* [YOUR INSTRUCTIONS]:
Extract all lines in the data that contain the word "living".

Stored dataset items
###

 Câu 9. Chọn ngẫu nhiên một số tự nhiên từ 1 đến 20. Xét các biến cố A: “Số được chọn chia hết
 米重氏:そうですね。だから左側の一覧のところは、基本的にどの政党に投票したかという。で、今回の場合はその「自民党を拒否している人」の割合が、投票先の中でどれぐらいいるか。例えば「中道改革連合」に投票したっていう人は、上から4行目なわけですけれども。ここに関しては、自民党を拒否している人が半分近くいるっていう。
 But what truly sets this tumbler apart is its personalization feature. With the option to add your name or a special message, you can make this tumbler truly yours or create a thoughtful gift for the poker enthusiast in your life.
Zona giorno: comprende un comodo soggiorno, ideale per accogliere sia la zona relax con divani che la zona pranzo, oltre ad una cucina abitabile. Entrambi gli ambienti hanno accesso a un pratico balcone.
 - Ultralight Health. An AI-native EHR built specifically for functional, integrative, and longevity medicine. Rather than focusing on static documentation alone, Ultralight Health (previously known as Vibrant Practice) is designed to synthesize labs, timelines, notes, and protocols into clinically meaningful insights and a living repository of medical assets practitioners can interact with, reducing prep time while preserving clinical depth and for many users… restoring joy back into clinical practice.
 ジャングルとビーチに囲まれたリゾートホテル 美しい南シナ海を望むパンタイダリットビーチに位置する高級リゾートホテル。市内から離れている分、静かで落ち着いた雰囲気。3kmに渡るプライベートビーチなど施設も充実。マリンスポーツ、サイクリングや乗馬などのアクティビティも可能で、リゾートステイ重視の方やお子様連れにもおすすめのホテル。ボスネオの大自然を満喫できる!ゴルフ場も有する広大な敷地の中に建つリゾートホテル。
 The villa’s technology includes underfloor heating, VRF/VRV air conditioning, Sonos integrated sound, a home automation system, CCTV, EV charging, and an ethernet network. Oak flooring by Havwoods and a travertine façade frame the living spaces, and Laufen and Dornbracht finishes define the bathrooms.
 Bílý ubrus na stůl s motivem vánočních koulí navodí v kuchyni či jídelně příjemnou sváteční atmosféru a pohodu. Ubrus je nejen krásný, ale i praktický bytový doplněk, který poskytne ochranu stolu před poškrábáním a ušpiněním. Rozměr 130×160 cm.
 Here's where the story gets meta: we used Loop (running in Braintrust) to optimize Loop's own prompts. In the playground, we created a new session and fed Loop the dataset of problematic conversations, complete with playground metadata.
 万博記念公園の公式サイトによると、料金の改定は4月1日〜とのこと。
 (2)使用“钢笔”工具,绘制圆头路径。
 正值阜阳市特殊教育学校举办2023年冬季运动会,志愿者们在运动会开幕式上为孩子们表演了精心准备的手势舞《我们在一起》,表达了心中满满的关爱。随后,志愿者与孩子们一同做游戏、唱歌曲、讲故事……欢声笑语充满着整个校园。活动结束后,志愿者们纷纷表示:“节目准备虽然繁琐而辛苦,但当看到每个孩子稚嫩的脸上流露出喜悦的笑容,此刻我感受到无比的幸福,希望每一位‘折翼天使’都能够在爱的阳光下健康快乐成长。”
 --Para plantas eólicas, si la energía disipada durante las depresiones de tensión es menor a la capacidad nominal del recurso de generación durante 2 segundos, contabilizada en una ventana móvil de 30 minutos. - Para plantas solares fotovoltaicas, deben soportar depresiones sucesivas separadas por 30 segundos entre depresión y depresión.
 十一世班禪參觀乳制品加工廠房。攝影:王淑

###

* [WRITTEN SOLUTION]:
 - Ultralight Health. An AI-native EHR built specifically for functional, integrative, and longevity medicine. Rather than focusing on static documentation alone, Ultralight Health (previously known as Vibrant Practice) is designed to synthesize labs, timelines, notes, and protocols into clinically meaningful insights and a living repository of medical assets practitioners can interact with, reducing prep time while preserving clinical depth and for many users… restoring joy back into clinical practice.
 The villa’s technology includes underfloor heating, VRF/VRV air conditioning, Sonos integrated sound, a home automation system, CCTV, EV charging, and an ethernet network. Oak flooring by Havwoods and a travertine façade frame the living spaces, and Laufen and Dornbracht finishes define the bathrooms.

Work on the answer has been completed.